My intuition is telling me there is probably a lot more I don't know about the two of them, not sure I need to know all of it, as much as I want to some times, I do know he lied to her just as much as to me. The week before all this was found out , we went out for dinner, and had a nice long night together, he put my hand on his heart and said "you have this forever, since I was 14"..not to be weird and give to much info..but we acted like teens that nigh having sex in his car!...then when he told me everything he said...how could you not know something was wrong????....If thats not a screwed up situation nothing is! the point is I know he lied a lot..to both of us..thats why I feel bad.

Posted
My intuition is telling me there is probably a lot more I don't know about the two of them, not sure I need to know all of it, as much as I want to some times, I do know he lied to her just as much as to me. The week before all this was found out , we went out for dinner, and had a nice long night together, he put my hand on his heart and said "you have this forever, since I was 14"..not to be weird and give to much info..but we acted like teens that nigh having sex in his car!...then when he told me everything he said...how could you not know something was wrong????....If thats not a screwed up situation nothing is! the point is I know he lied a lot..to both of us..thats why I feel bad.

 

That sucks...but it is also an interesting view into the mind of a cheater - and also useful for OW's to read. Seriously, he wonders why you didn't see that anything was wrong, after a night like that?! - and was obviously also telling the OW stories that were opposite to how things really were, if he was saying romantic stuff like that to you.

 

I'd do whatever you feel is right...perhaps do some more thinking - maybe it is still the need for more info you need, or the need to talk to her...think it through then whatever you feel you need, I say just do it.
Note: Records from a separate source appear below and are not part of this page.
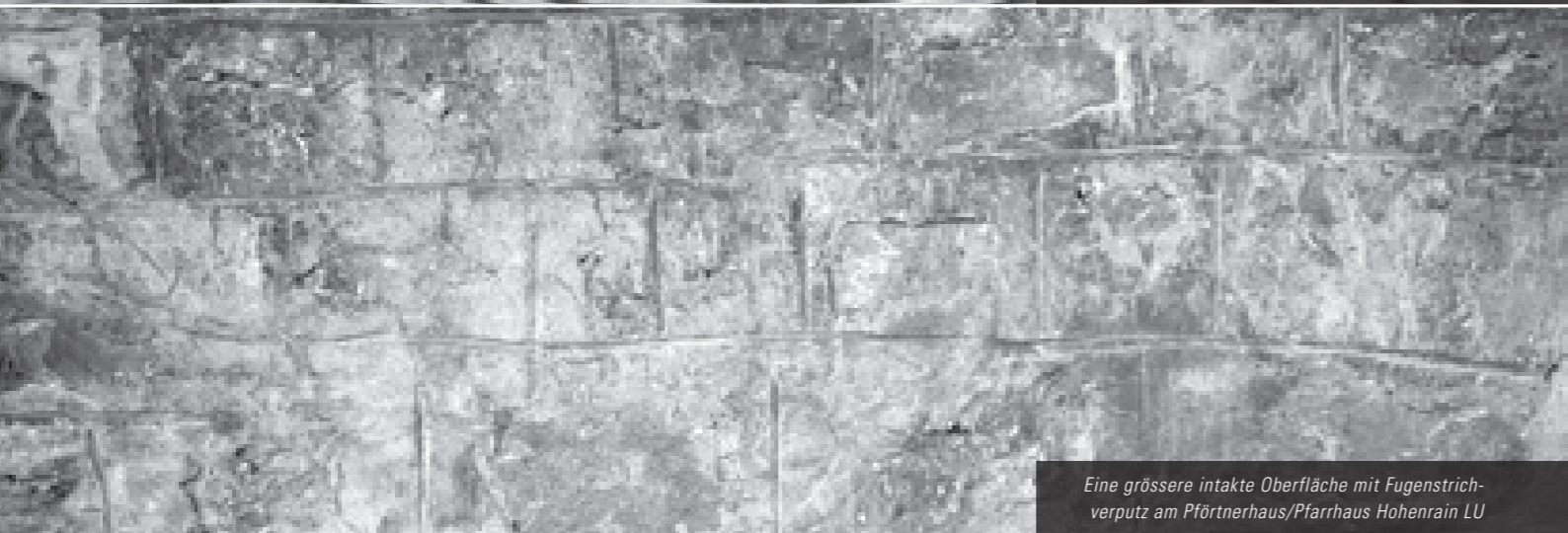
Eine grössere intakte Oberfläche mit Fugenstrichverputz am Pförtnerhaus/Pfarrhaus Hohenrain LU

Die vor über 100 Jahren als Pionierwerk der Eisenbahnarchitektur in St. Gallen errichtete Lokremise gehört national zu den Betonpionierbauten. Im Bereich der Verputzoberflächen an der im Jugendstil gestalteten Fassade wurden grosse Aufwendungen erbracht um spezielle, der Architektur angepasste Verputzoberflächen zu schaffen. An diesem Objekt finden sich einerseits wellenförmige Zierfriese und andererseits grosse Flächen von Stippputz.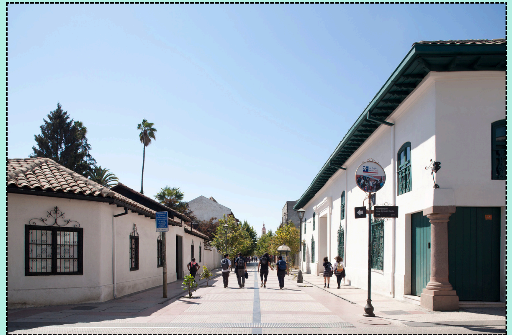
Museo Regional de Rancagua, 2013

“Nos visualizamos como un lugar donde el visitante pueda conocer la historia regional y su interacción con el territorio nacional. Nos proyectamos como un espacio inclusivo, de diálogo, investigación e interacción con las comunidades y el Patrimonio Cultural que resguardamos; como un organismo difusor del mismo, donde se dé cabida a las diversas manifestaciones culturales que conviven en la región, valorado por las comunidades como generador de desarrollo regional”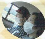
ドライブへGO！「いってきます★」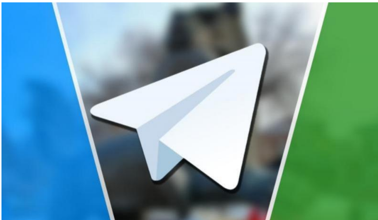
Фото: t.me/stepanovnm , primamedia.ru

Автор: Глеб Севостьянов © Babr24.com ПОЛИТИКА, ЭКОНОМИКА И БИЗНЕС, ИРКУТСК 👁 26992 27.05.2024, 05:05 🔄 283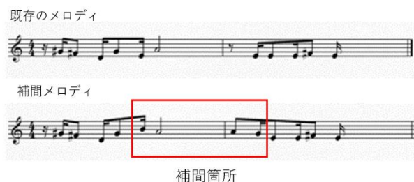
図2.既存楽曲のメロディと本手法による補間後のメロディとの比較 (パターン1)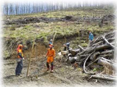
苗木の植え付けと 防鹿柵の設置・整備 (森林整備事業)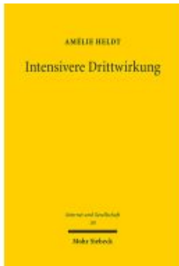
Intensivere Drittwirkung Ladenpreis: 86,40EUR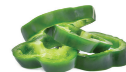
■ Aros hasta 2 unidades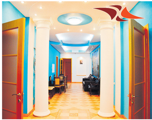
Сеть пансионатов «Элегия»:

В «Элегии» понимают, насколько важно для взрослых детей быть уверенным в том, что для их постаревших родных делается все возможное, что они находятся в безопасности под неусыпным присмотром внимательных и опытных профессионалов. Сотрудники сети пансионатов «Элегия» на Ждановской улице, делают это максимально грамотно и с любовью.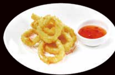
169. Ika tempura* tempura di calamari € 6.00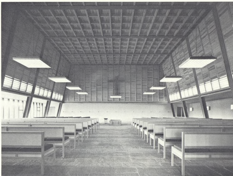
Fig. 11 Store kapel set fra indgangen.

østvendte side er en stor glasvæg, der bevirker en stærk fornemmelse af kontakt med naturen. Et kors er anbragt på kapellets bagvæg.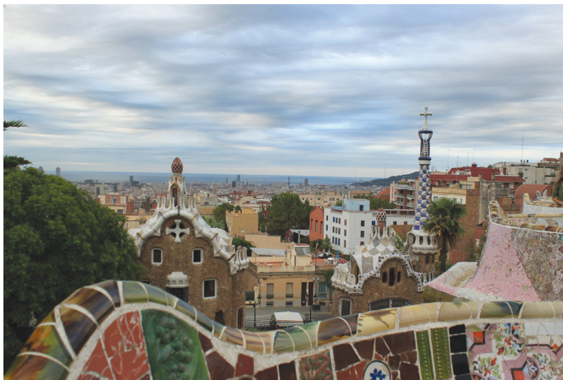
Fotografia 1. Park Güell w Barcelonie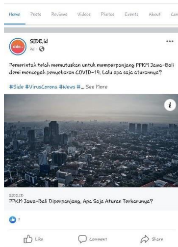
Gambar 3.3 – Unggahan Facebook SIDE.ID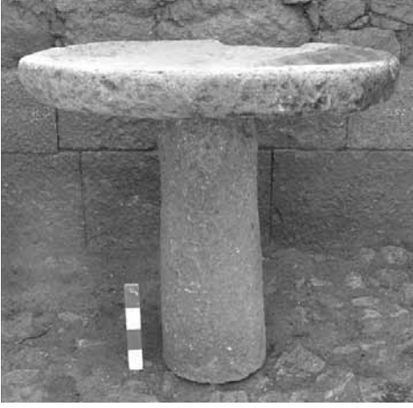
Res. 3: Aigai taş perrihanterion.

taş tedarik edildiğini de göstermektedir. Bu noktada özellikle bazı yapıların farklı mimari unsurlarının inşasında ve dekore edilmesinde özel yapılardan taşların kullanılmasının amaçlandığı ve eski görkemli yapıların malzemesinin özellikle tercih edilmiş olduğu görülmektedir. Yapı ne kadar ihtişamlı ise birçok örnek mimari parçalarının o kadar uzak mesafeler kat ederek taşınabileceğini ve yeni mimarilerde kullanılabileceğini göstermektedir. Bu konudaki en bilinen örnek kuşkusuz Ayasofya'dır. Ayasofya'nın inşa edilmesini içeren anlatıda Bizans kralı Justinianus gördüğü rüyası neticesinde yedi diyarın krallardan Aya Sofya'yı inşa etmesine katkıda bulunmaları için Hindistan, Arabistan, Yemen, Maghrib, İran, Çin, Türkistan, Bizans ve Avrupa'daki pagan tapınaklarından alınmış nadir taşlar göndermelerini buyurur (Necipoğlu 1992: 199-200).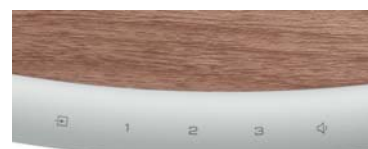
快適な操作を提供するタッチセンサー&お気に入りボタン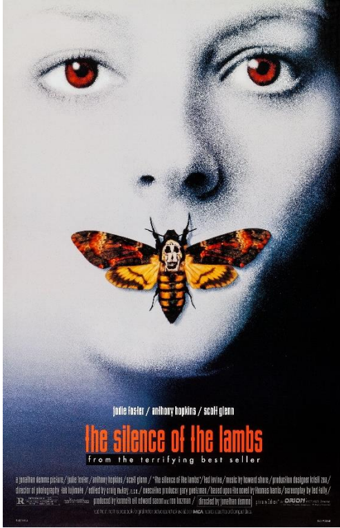
Şekil 1. Kuzuların Sessizliği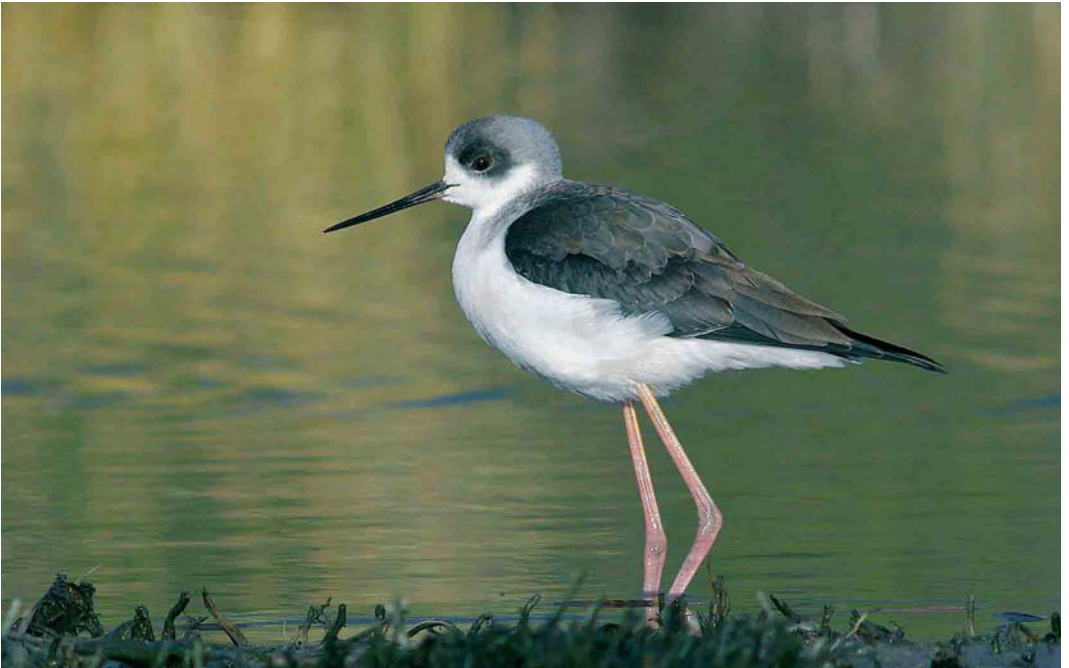
76 Steltkluut / Black-winged Stilt Himantopus himantopus , eerstejaars, Holwerd, Friesland, 25 december 2005

One last thought - is your intuition possibly flagging something up to you right now...as in, suspecting there might be an OW again? - and you are presuming these feelings are about the old A? Possibly keep your eyes open and see if there is any evidence of anything happening right now as (I hope not, but) I suppose it is possible that another OW might be in the picture.

Posted (edited)

i am the OW, and i have been blamed for the whole A, and i do not see a need for the W to say anything else to me...

 

even 2yrs from now ... let her be, she may not be so forgiving or receptive to you, and you do not need that

 

my question to you is why do you want to stay with this M, i know you have loved him since you were 14, but i bet you loved a lot of things when you were 14, that you really have no use for now and he has hurt you over and over, i am sure you too deserve better and maybe some forgiveness for yourself ... for allowing him to hurt you this way.